----- Material provided

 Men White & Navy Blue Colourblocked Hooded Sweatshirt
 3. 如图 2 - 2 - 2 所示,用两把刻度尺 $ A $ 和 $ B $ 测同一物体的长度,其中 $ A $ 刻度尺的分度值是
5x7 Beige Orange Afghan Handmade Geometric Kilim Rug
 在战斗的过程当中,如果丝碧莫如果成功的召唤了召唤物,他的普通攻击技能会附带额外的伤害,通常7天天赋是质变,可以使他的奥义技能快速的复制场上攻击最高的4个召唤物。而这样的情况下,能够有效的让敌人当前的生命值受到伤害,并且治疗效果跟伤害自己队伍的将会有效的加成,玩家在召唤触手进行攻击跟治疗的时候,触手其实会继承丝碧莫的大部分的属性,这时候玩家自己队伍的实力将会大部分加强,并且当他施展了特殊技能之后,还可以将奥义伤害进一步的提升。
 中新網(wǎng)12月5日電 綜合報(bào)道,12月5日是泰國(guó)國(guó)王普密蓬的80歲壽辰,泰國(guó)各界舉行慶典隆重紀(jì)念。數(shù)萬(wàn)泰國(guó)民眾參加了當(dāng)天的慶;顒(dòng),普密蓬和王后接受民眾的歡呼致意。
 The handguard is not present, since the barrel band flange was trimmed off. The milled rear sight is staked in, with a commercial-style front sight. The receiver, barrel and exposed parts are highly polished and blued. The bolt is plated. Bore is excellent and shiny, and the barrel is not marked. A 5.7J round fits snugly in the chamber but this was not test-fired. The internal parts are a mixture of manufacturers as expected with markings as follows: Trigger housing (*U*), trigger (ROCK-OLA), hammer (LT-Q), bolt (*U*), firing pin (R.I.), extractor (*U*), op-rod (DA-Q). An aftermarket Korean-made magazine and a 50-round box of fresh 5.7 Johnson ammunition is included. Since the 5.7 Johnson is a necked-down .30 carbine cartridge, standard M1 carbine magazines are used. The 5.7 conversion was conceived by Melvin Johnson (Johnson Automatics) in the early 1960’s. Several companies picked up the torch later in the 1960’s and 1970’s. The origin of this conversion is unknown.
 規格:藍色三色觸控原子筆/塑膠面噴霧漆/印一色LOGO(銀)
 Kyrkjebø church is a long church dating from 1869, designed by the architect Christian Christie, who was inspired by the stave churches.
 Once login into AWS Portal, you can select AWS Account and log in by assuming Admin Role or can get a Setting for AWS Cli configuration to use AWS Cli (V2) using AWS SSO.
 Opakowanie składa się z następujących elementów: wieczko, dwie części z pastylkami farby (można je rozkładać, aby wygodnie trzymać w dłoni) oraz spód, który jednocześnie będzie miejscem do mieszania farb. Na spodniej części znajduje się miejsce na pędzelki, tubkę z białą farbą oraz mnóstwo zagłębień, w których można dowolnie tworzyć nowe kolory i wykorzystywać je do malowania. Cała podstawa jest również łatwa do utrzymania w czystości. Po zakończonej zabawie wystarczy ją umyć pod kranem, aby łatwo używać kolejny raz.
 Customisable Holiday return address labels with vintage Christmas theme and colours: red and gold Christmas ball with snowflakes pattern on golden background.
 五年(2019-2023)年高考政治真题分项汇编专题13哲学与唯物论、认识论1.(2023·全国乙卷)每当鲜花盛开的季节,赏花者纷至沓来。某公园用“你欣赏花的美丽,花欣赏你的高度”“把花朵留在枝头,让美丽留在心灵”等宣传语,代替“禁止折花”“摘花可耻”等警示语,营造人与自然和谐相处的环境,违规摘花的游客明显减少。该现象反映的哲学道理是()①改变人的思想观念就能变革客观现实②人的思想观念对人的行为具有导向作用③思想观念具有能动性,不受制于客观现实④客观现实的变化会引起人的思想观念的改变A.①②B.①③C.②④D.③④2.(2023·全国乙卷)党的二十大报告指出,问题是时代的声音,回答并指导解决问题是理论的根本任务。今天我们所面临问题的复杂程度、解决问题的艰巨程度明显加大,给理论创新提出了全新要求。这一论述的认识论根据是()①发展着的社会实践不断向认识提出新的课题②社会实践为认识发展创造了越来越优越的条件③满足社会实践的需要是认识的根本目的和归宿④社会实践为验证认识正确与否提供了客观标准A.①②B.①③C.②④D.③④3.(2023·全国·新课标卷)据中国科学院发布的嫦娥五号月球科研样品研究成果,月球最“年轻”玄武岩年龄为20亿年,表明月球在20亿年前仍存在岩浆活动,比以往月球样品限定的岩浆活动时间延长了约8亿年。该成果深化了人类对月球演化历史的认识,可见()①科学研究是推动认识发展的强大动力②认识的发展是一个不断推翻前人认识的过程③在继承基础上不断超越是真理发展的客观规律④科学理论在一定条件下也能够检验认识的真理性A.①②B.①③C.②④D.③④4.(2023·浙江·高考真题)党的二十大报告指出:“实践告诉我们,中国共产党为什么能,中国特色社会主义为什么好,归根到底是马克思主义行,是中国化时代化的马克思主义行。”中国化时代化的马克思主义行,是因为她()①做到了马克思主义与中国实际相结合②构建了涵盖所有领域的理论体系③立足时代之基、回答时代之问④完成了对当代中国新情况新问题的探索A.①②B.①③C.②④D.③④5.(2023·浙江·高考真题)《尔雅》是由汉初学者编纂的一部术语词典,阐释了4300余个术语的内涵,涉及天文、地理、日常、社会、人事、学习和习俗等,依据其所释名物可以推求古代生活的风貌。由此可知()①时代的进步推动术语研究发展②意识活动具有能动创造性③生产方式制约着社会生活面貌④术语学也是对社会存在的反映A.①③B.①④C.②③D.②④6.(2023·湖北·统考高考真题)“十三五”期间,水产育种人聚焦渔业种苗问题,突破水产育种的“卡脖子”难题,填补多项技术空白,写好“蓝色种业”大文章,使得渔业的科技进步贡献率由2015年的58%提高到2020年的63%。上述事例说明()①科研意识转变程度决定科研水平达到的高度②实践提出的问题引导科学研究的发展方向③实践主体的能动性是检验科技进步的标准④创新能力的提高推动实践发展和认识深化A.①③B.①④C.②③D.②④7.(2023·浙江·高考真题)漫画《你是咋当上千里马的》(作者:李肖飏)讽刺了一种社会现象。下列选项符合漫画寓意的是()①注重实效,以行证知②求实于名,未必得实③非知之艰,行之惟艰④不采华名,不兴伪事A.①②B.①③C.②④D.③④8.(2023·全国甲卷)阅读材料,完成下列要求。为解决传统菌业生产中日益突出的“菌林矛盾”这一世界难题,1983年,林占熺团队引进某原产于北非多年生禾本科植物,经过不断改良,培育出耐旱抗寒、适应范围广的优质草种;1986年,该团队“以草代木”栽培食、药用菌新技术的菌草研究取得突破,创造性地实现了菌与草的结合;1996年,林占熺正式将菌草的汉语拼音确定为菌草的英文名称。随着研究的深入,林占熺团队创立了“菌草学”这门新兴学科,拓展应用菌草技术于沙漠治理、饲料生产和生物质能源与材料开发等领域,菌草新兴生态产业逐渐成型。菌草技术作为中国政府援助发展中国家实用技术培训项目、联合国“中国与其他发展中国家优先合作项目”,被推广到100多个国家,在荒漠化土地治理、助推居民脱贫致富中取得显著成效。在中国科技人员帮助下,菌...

----------

Exercise instructions
All lines above from the one holding "規格:藍色三色觸控原子筆/塑膠面噴霧漆/印一色LOGO(銀)" to the one holding "Customisable Holiday return", inclusive, are to be copied exactly; no other line is wanted.

Written solution
 規格:藍色三色觸控原子筆/塑膠面噴霧漆/印一色LOGO(銀)
 Kyrkjebø church is a long church dating from 1869, designed by the architect Christian Christie, who was inspired by the stave churches.
 Once login into AWS Portal, you can select AWS Account and log in by assuming Admin Role or can get a Setting for AWS Cli configuration to use AWS Cli (V2) using AWS SSO.
 Opakowanie składa się z następujących elementów: wieczko, dwie części z pastylkami farby (można je rozkładać, aby wygodnie trzymać w dłoni) oraz spód, który jednocześnie będzie miejscem do mieszania farb. Na spodniej części znajduje się miejsce na pędzelki, tubkę z białą farbą oraz mnóstwo zagłębień, w których można dowolnie tworzyć nowe kolory i wykorzystywać je do malowania. Cała podstawa jest również łatwa do utrzymania w czystości. Po zakończonej zabawie wystarczy ją umyć pod kranem, aby łatwo używać kolejny raz.
 Customisable Holiday return address labels with vintage Christmas theme and colours: red and gold Christmas ball with snowflakes pattern on golden background.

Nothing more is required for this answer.